The application is their Python GPU application, diverges from conventional BOINC GPU tasks in that it's a multithreaded CPU app with CUDA support, instead of a pure GPU application. each task will spawn 32 threads (simulations) plus the main application process. see info about what the application is doing here if interested: https://gpugrid.net/forum_thread.php?id=5233

now when running this application on my Xeon E5-2697Av4 (16c/32t) system (Linux, Ubuntu 22.04, 5,15 kernel), the total amount of CPU used is rather low. about 1-2 threads used per process (100-200% process CPU %). but i seem to start hitting OS scheduler bottlenecks as attempting to scale this up hits diminishing returns with too many concurrent processes to be serviced by only 32 threads, even with low total utilization. I saw the same low CPU use behavior on an even older Xeon E5-1680v2.

So I moved the same GPU and software over to an AMD EPYC platform, with a 7443P to get more threads, and hopefully better IPC. but what I found was puzzling. the AMD system used WAY more CPU to do the same work as the old Xeon. using roughly 5x the CPU support per process (500-700%), negating any improvement by having more threads, and the tasks did not really process any faster despite the higher CPU use.

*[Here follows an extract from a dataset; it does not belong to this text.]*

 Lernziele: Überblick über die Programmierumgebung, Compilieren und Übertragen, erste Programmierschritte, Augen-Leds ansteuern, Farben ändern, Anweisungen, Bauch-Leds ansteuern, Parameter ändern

so my question, is there some kind of lesser known AI acceleration present on the intel Xeon CPUs? I know the 3rd gen Scalable Xeons like to taught their built in AI acceleration, but I can't find any materials that talks about anything like this on the older v2/v3/v4 Xeons.

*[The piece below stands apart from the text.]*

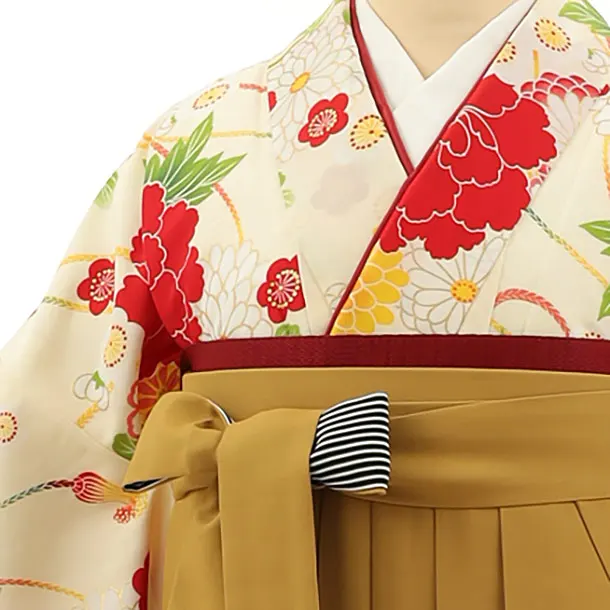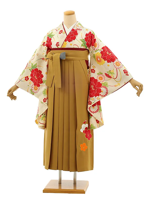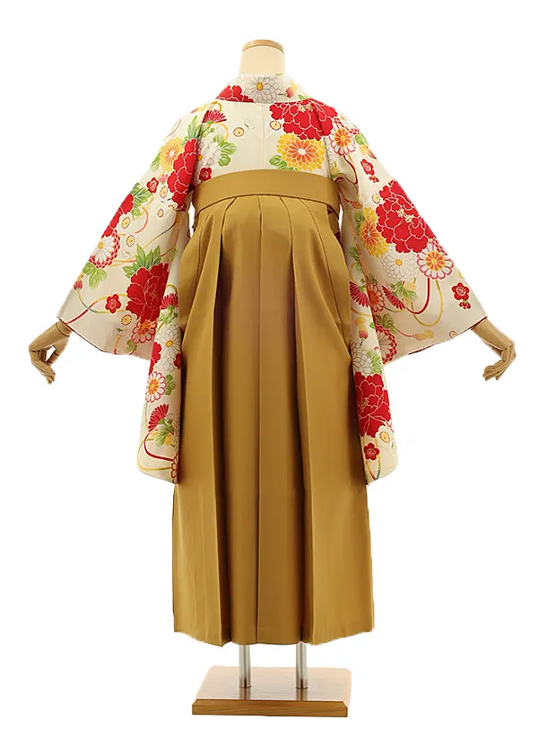 小学生袴Z190 クリーム地菊ぼたん×からし袴

or are there any other kinds of hardware accelerators at play that are present in even these older Xeons but not the more modern AMD EPYC and Ryzen CPUs? or maybe even some kind of kernel/software thing?

I did try running the 6.0 linux kernel when it first came out, as there was all that buzz about some 20 year old bug limiting performance for AMD, but that seemed to have no effect here and i still saw high CPU use on AMD.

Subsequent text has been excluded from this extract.